A number of invitations will also be made to world class "early-in-their-career" scientists. You are invited to nominate such individuals, including senior graduate students and post-doctoral fellows. Please send nominations to Don Eigler.

Grand Challenges in Nanotechnology

To illustrate the notion of "Grand Challenges in Nanotechnology" here are four major problems, each chosen for its relevance to the continued evolution of information technology. Speakers are invited to explore these grand challenges, or explore others of equal or greater importance. Speakers are welcome to propose challenges with no obvious connection to information technology. Speakers should address the state of the art and possible future evolution of the research, and point to those research problems which, if addressed, would have the greatest impact on the field and eventually on society.

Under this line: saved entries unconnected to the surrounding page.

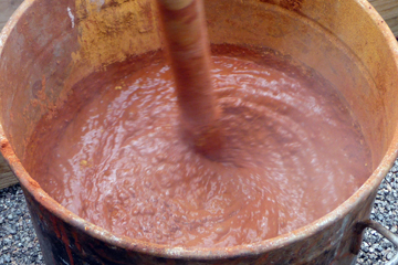 L'association Terres et Couleurs s'est donnée comme mission de retrouver les couleurs du terroir, en utilisant des recettes de peintures traditionnelles comportant des pigments naturels minéraux tels que l'ocre.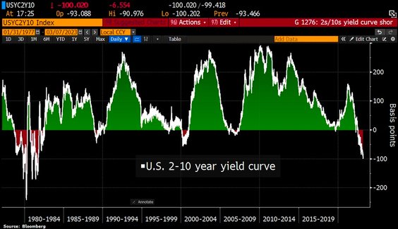 Od lipca rentowności dwuletnich Treasuries są wyższe niż rentowności 10-letnich Treasuries. Odwrócenie to osiągnęło we wtorek minus 103,1 punktów bazowych, gdy rentowności krótkoterminowe gwałtownie wzrosły, co stanowi największą różnicę między rentownościami krótkoterminowymi i długoterminowymi od września 1981 r. W tym czasie gospodarka znajdowała się w pierwszych miesiącach recesji, która miała trwać do listopada 1982, stając się wówczas najgorszym upadkiem gospodarczym od czasu Wielkiego Kryzysu.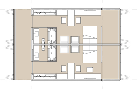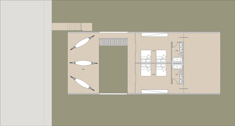 Os Bangalôs, também serão executados nesta etapa. Estes ficam próximos as áreas sociais, porém encontram-se mais reservados. De construção simples, paredes portantes, travadas por vigas metálicas, nas quais se apoiam as lajes, possuem plantas livres, permitindo grande flexibilidade de uso. O pátio interno e desalinhamento vertical entre o espaço social e intimo, permite privacidade e que as visuais não sejam interrompidas onde quer que se esteja.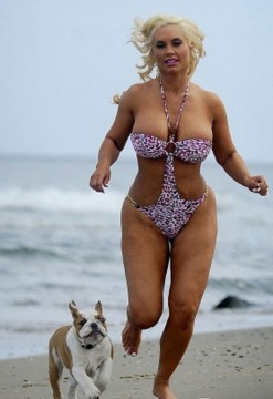 If I wanted to see a fat chick running on the beach like she’s not fat, I’d take my fucking wife on vacation…. But here is Coco…all of Coco…all 160 lbs of Coco with a bull dog….who has more sex appeal that her and he doesn’t even have to flaunt it and scream for it and put it on fucking billboards….and I am not even into fucking dogs sexually, but if a gun was to my head and I had to pic one of them, it would be a test to my love for dogs…cuz Coco is the worst…. To See THe Pics FOLLOW THIS LINK

New Architectures for Information Systems
Even as the rate of technological progress accelerates with increased global competition, the dominant information processing and storage technologies (silicon microelectronics and magnetic storage) are perceived to be approaching physical limits to their further miniaturization and extension. Many new devices are being proposed, as well as new architectures for information processing which, it is hoped, will exploit the characteristics of the new devices. Can we predict the winners? Can architectural innovations ease the daunting task of developing a scalable quantum computer? Can reliable "classical" computers be built from devices based on small numbers of electronic charges or spins, or small numbers of atoms or molecules?

Spin-based information processing and storage
Major advances in scientific understanding of spin-polarized electron transport has resulted in recent years in exciting industrial applications, most notably, magnetic sensors for hard disk drives. Research and development is now focused on magnetic tunnel junctions, which hold promise to begin replacing semiconductor memory in a little as five years. Both the sensors and the memory devices depend on routine manufacturing of complex layered structures with atomic precision. The magnetic tunnel junctions will soon have lithographically defined lateral dimensions less than 100 nm. At the forefront of scientific research is the possibility of manipulating spins within semiconductor heterostructures, promising entirely new devices. Solid state quantum computers based on quantum confinement of spin-polarized electrons is one example of a potential powerful new spin-based nano-technology. Are there others?

Extending manufacturing to the atomic scale.
Current silicon transistors or hard disk read heads already contain layered structures with thicknesses controlled in manufacturing to atomic precision. Future information systems will be structured on the atomic or molecular scale in all three dimensions, allowing many orders of magnitude more complexity to be built into a system of a given size. These future nanostructures must be integrated into complex, hierarchically-organized systems, with structure at all length scales from the atomic to the macroscopic. The possibility of engineering individual devices at the atomic and molecular scale has already been realized but the utility of such devices will depend upon inexpensive, high-volume manufacturing processes. What is the optimal balance between lithographic ("top down") and self-assembly ("bottom up") manufacturing processes? Will we someday "grow" things as complex as chips or entire computers, and what new research will take us quickly in that direction?

Bio-Synthetic Approaches to New Materials
The development of novel materials has been one of the major driving forces behind the miniaturization of storage and logic devices. Information technologies of the future are likely to be dependent upon new nano-structured materials. One exciting new direction is the bio-synthesis of inorganic materials. Biological molecules can provide the information required to produce complex, hierarchically structured materials and devices, but the research is still in its infancy. Can we extend the range of process conditions? What are the design rules which will allow us to build complex structures which meet technological constraints?